Winter Weather Watch

9.01.2010

Recent national news has included the following articles ‘Special Report: Frozen Britain’, ‘How Britain is struggling to cope with a blast from the Arctic that has brought in a mini ice age across the country’ and ‘Scotland suffers sub-zero chill’. Newspapers produced further east comprised far fewer articles concerning the extreme weather which Europe is currently experiencing; all those that did had a slightly different focus. ‘Kyiv is under snow: city is on verge of transport collapse’, ‘Weather deaths pass 100’, ‘Russia in Ice’ and ‘Titanic fears for Greenland cruise ships’.

It seems that whilst the UK is struggling to keep businesses and airports operating and educational establishments functioning under inches of snow, the rest of Europe is fighting against more adverse weather conditions under feet of snow. Berkshire, one of the hardest hit areas in the UK, received more than 40cm of snow in one week alone and consequently experienced temporary cuts in water and electricity supplies across the region. Thousands across the UK have been working from home, and those that have been managing to get into the office often face difficult and arduous journeys returning home afterwards. A prime example is of one waitress who trudged through snow for 14 miles in County Durham as all the roads in her area had been closed.

In Eastern Europe and Scandinavia, where cold weather and thick snow is a frequent occurrence, local populations have had to take more caution this year as weather conditions throughout Europe have become more extreme. In regions where a typical winter may crack pipes and cause overhead lines to collapse, this year is no exception. Measures already in place have allowed life to continue almost as normal in most large urban areas, so long as people wear thicker clothes as they make the daily trip to local wells, are prepared to wade through deeper snow whilst walking to work, have access to more wood to burn on roadside bonfires at bus shelters, and take up temporary snow shovelling jobs at airports and with local councils.

Recent extreme weather, however, has brought new worries to these areas. Cruise and cargo ships journeying across the North Atlantic Ocean and the Norwegian Sea are continually issued with fresh warnings concerning potentially lethal icebergs, as oceanographers predict this to be one of the worst winters since 1912. Local councils and the general public in Ukraine have been working at full capacity to clear the ice and snow, as they experience some of the heaviest snowfalls since records began, with areas receiving six feet and more at snow. At times, the only solutions have been to tunnel through the ice to allow access to homes and on roads. Whilst in parts of Russia, cities have experienced several ice storms, covering large areas with thick, smooth black ice, although Moscovites have taken advantage of this by hosting the largest ice sculpture festival in this region for decades.

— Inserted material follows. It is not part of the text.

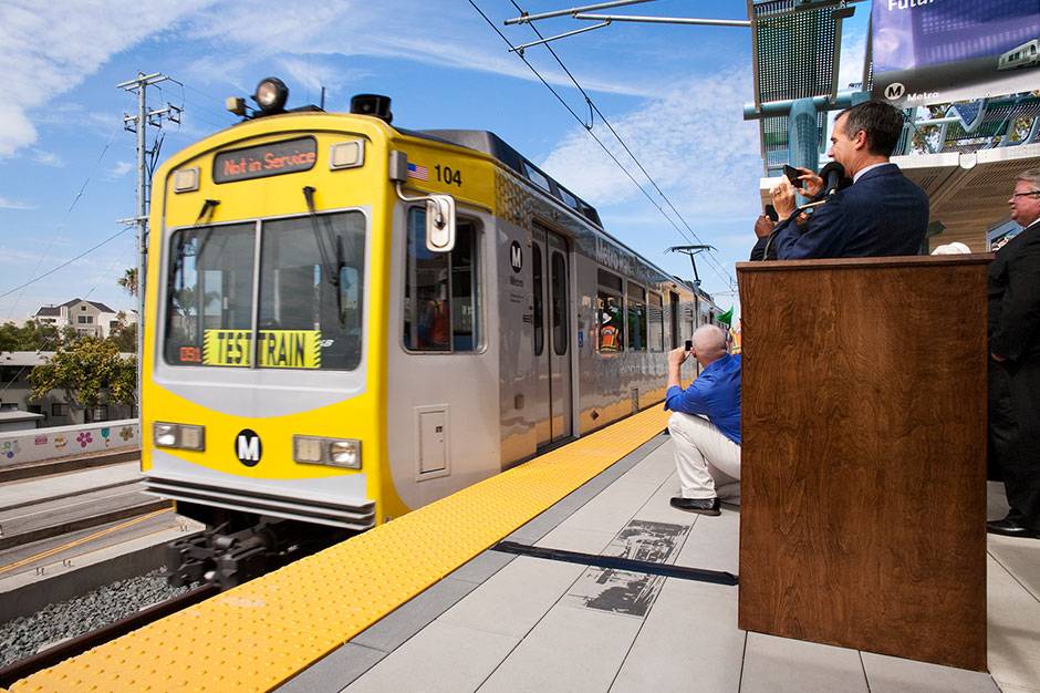 Local dignitaries and media gathered behind the yellow line, craning their necks to get a glimpse at the future of public transportation as a test train pulled into the station and everyone hopped aboard.

Whether the extreme weather we are experiencing is a sign of Global Warming, as the Met Office claims, or whether it heralds the start of another mild Ice Age as last seen at the start of the 20th century, one thing is certain. Winters have become colder in recent years and as all signs indicate a continuation of this adverse weather in the future, local governments and populations need to start getting better prepared to cope with cold, snowy winters before they become much worse.